Without the validation function the model takes about 5 seconds per step and runs as normal.

Steps: 1
Output tensor([[-0.6720, -0.7148],
        [-0.6492, -0.7391],
        [-0.8532, -0.5552],
        [-0.5556, -0.8527],
        [-0.7415, -0.6470],
        [-0.5553, -0.8531],
        [-0.6171, -0.7755],
        [-0.7120, -0.6746],
        [-0.7319, -0.6558],
        [-0.8165, -0.5834]], device='cuda:0', grad_fn=<LogSoftmaxBackward>)
Loss: tensor(0.6867, device='cuda:0', grad_fn=<NllLossBackward>)
Running loss: 0.6866830587387085
Epoch: 1/5..  Training Loss: 0.687.. 
Steps: 2
Output tensor([[-0.6337, -0.7563],
        [-0.5863, -0.8128],
        [-0.6071, -0.7873],
        [-0.4860, -0.9547],
        [-0.5577, -0.8499],
        [-0.5574, -0.8503],
        [-0.4319, -1.0478],
        [-0.5193, -0.9036],
        [-0.4108, -1.0880],
        [-0.4097, -1.0902]], device='cuda:0', grad_fn=<LogSoftmaxBackward>)
Loss: tensor(0.5200, device='cuda:0', grad_fn=<NllLossBackward>)
Running loss: 0.5199903845787048
Epoch: 1/5..  Training Loss: 0.520.. 
Steps: 3
Output tensor([[-0.3847, -1.1416],
        [-0.5190, -0.9042],
        [-0.2826, -1.4018],
        [-0.4019, -1.1059],
        [-0.4460, -1.0222],
        [-0.2860, -1.3915],
        [-0.3044, -1.3378],
        [-0.3103, -1.3215],
        [-0.3084, -1.3265],
        [-0.4343, -1.0432]], device='cuda:0', grad_fn=<LogSoftmaxBackward>)
Loss: tensor(0.3677, device='cuda:0', grad_fn=<NllLossBackward>)
Running loss: 0.3677431643009186
Epoch: 1/5..  Training Loss: 0.368.. 
Steps: 4
Output tensor([[-0.1690, -1.8613],
        [-0.3174, -1.3020],
        [-0.2780, -1.4160],
        [-0.3510, -1.2173],
        [-0.3469, -1.2272],
        [-0.2468, -1.5200],
        [-0.3050, -1.3361],
        [-0.3087, -1.3258],
        [-0.2869, -1.3886],
        [-0.2056, -1.6830]], device='cuda:0', grad_fn=<LogSoftmaxBackward>)
Loss: tensor(0.2815, device='cuda:0', grad_fn=<NllLossBackward>)
Running loss: 0.2815292477607727
Epoch: 1/5..  Training Loss: 0.282.. 

Sample output without the validation function included.

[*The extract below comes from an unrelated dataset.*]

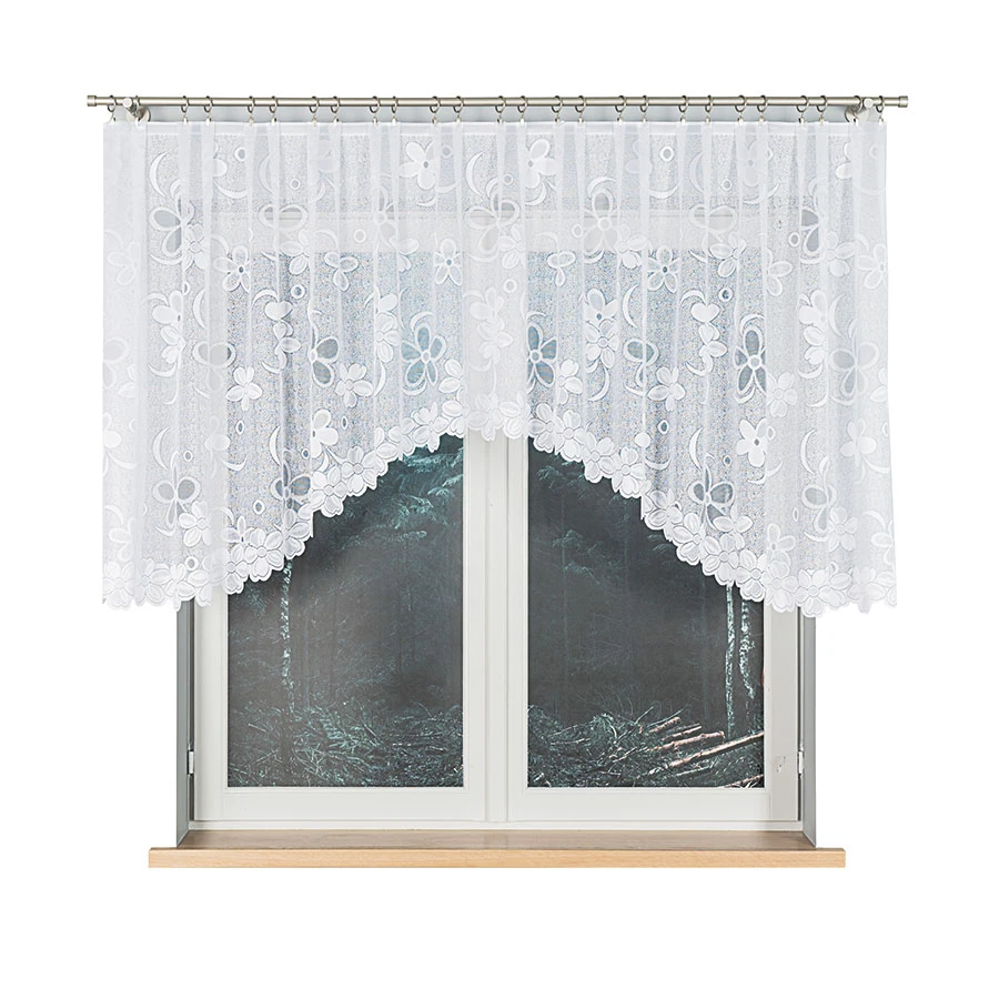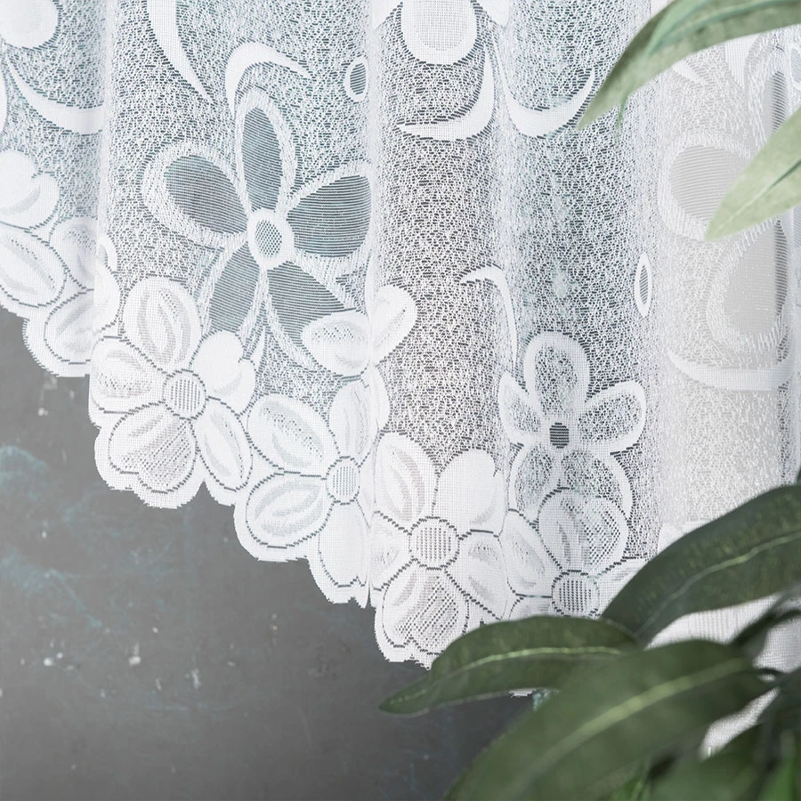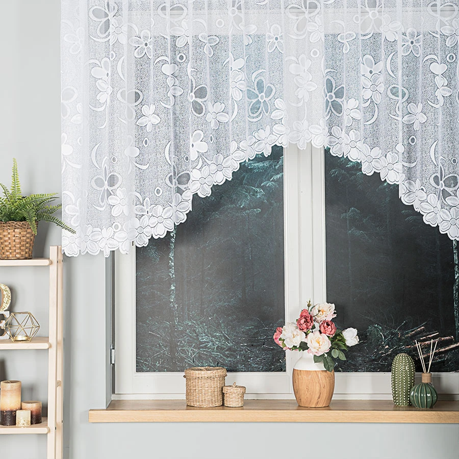 Wykonana z białego żakardu o delikatnie półtransparentnej strukturze, firanka rozjaśnia pomieszczenie, a jednocześnie chroni przed nadmiernym spojrzeniem z zewnątrz. Wzór ułożony w dekoracyjnym pasie prezentuje kwiatowe motywy, które wprowadzają do wnętrza spokój i klasyczny urok 🌿

Try to add a print statement in the validation loss or profile each step.
The Kaggle notebook look approx. 1 second per validation step, so depending on the size of the validation dataset, this might take some time.

Doh. I had set the print_every = 1. So it was running the whole validation function (on ~5000 images) every 1 step. This combined with only having a batch size of 10 meant that for every 10 images (out of 21,200) it was running the whole validation function.

I am still suprised that it couldn’t even run the validation function once in 9 hours though but I have increased the batch size and print_every condition so fingers crossed.